• **RAW DATA**
================
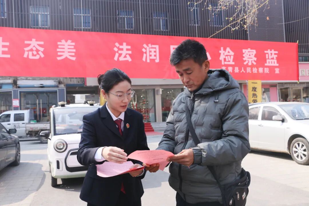 在县城青城路,检察干警与政法委、河务局工作人员组成联合普法队伍,通过悬挂主题横幅、发放《中华人民共和国黄河保护法》宣传手册、设立法律咨询台等方式,开展集中法治宣传。干警们用通俗易懂的语言,向过往群众讲解《中华人民共和国黄河保护法》的核心内容、禁止性规定及法律责任,结合涉黄河生态保护典型案例以案释法,耐心解答群众关于水资源保护、生态修复、违法追责等方面的疑问,引导群众树立“保护黄河、人人有责”的法治意识,营造全社会共同守护母亲河的浓厚氛围。
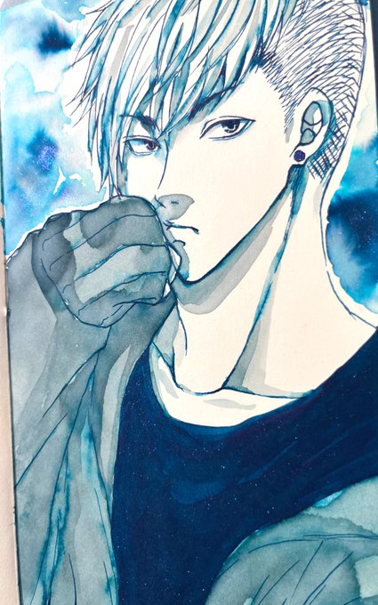 尚貴堂さん(@sho_kido )さんのサブスクインク、Blue infernoとOil clayを使って創作男子を描いてみました。
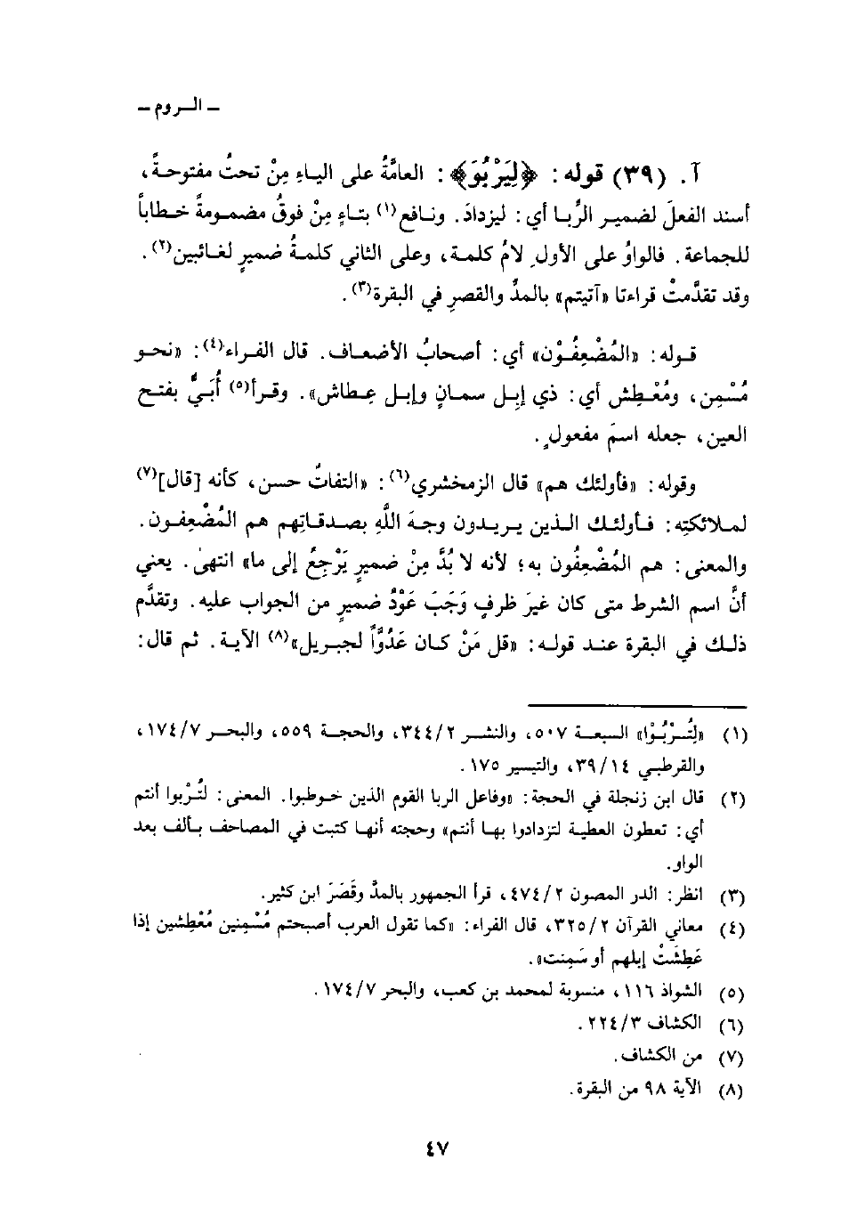 قوله: {لِّيَرْبُوَ} : العامَّةُ على الياءِ مِنْ تحتُ مفتوحةً، أسند الفعلَ لضمير الرِّبا أي: ليزدادَ. ونافع بتاءٍ مِنْ فوقُ مضمومةً خطاباً للجماعة. فالواوُ على الأولِ لامُ كلمة، وعلى الثاني كلمةُ ضميرٍ لغائبين. وقد تقدَّمتْ قراءتا «آتيتم» بالمدِّ والقصرِ في البقرة.
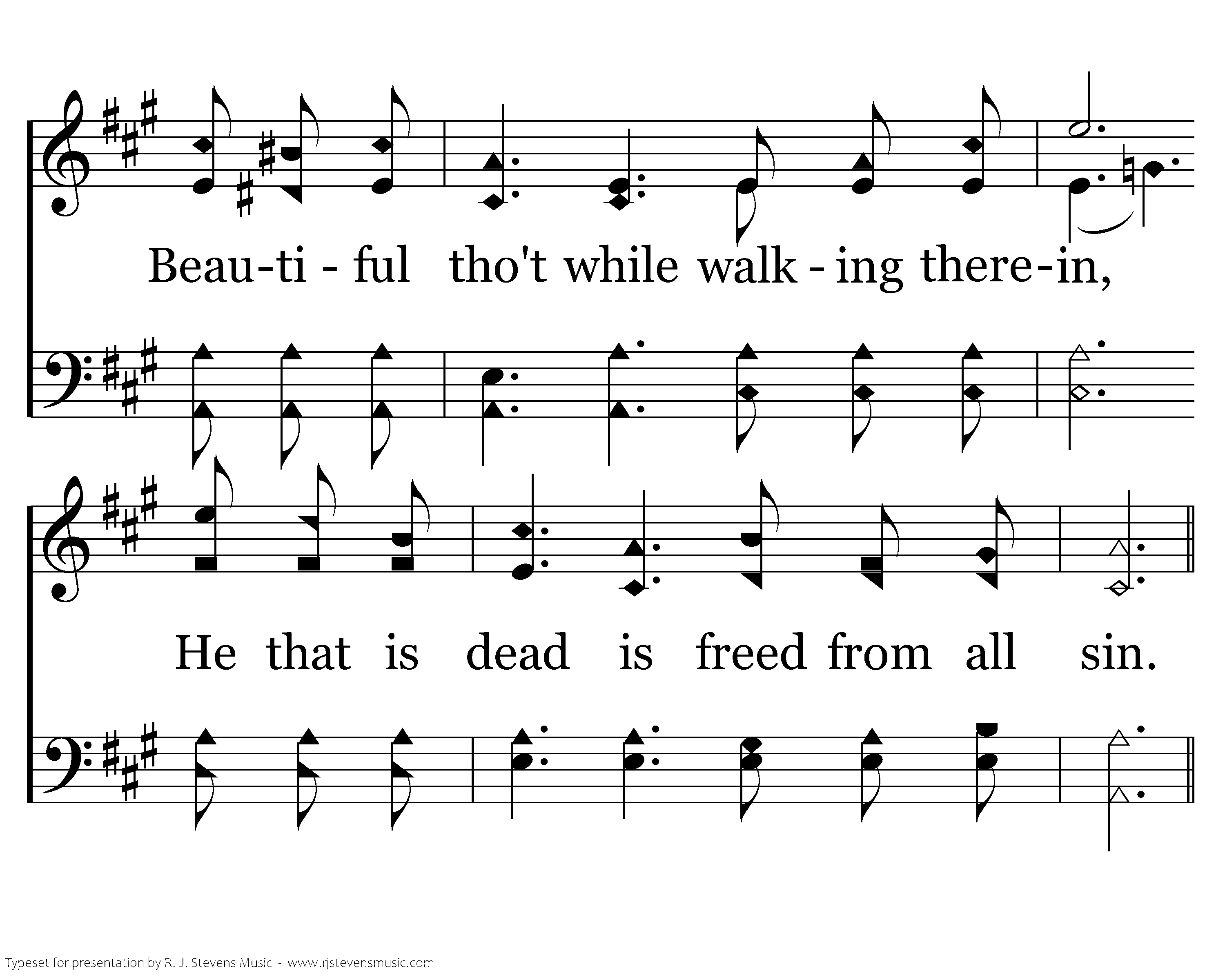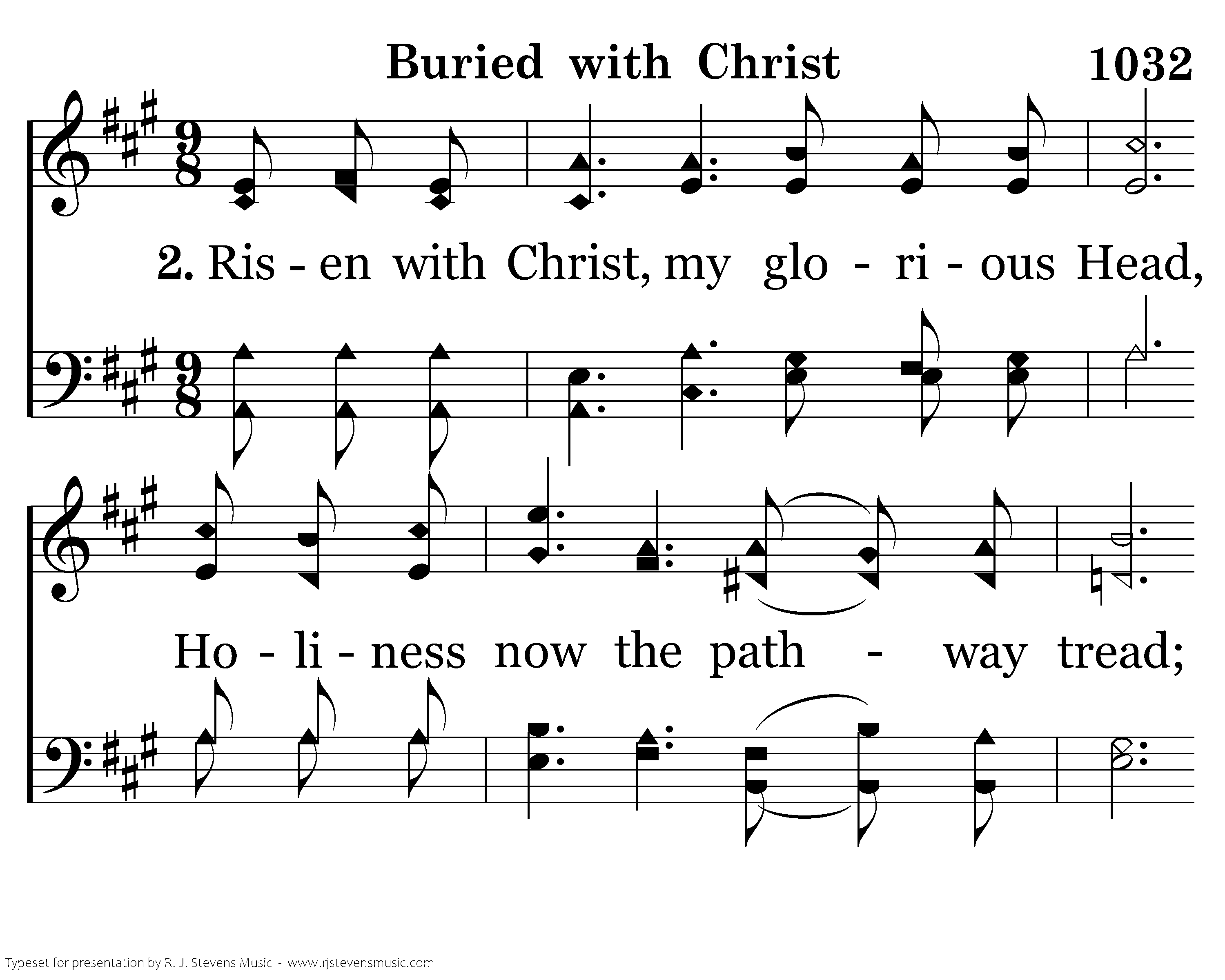 Risen with Christ, my glorious Head, Holiness now the pathway tread; Beautiful tho't while walking therein, He that is dead is freed from all sin.
================
• **ACTIVITY**
Copy out exactly, without any pictures, the lines above that begin at the one with "尚貴堂さん(@sho_kido )さんのサブスクインク、Blue infernoとOil" and end at the last line of the listing.

• **TASK RESULT**
 尚貴堂さん(@sho_kido )さんのサブスクインク、Blue infernoとOil clayを使って創作男子を描いてみました。
 قوله: {لِّيَرْبُوَ} : العامَّةُ على الياءِ مِنْ تحتُ مفتوحةً، أسند الفعلَ لضمير الرِّبا أي: ليزدادَ. ونافع بتاءٍ مِنْ فوقُ مضمومةً خطاباً للجماعة. فالواوُ على الأولِ لامُ كلمة، وعلى الثاني كلمةُ ضميرٍ لغائبين. وقد تقدَّمتْ قراءتا «آتيتم» بالمدِّ والقصرِ في البقرة.
 Risen with Christ, my glorious Head, Holiness now the pathway tread; Beautiful tho't while walking therein, He that is dead is freed from all sin.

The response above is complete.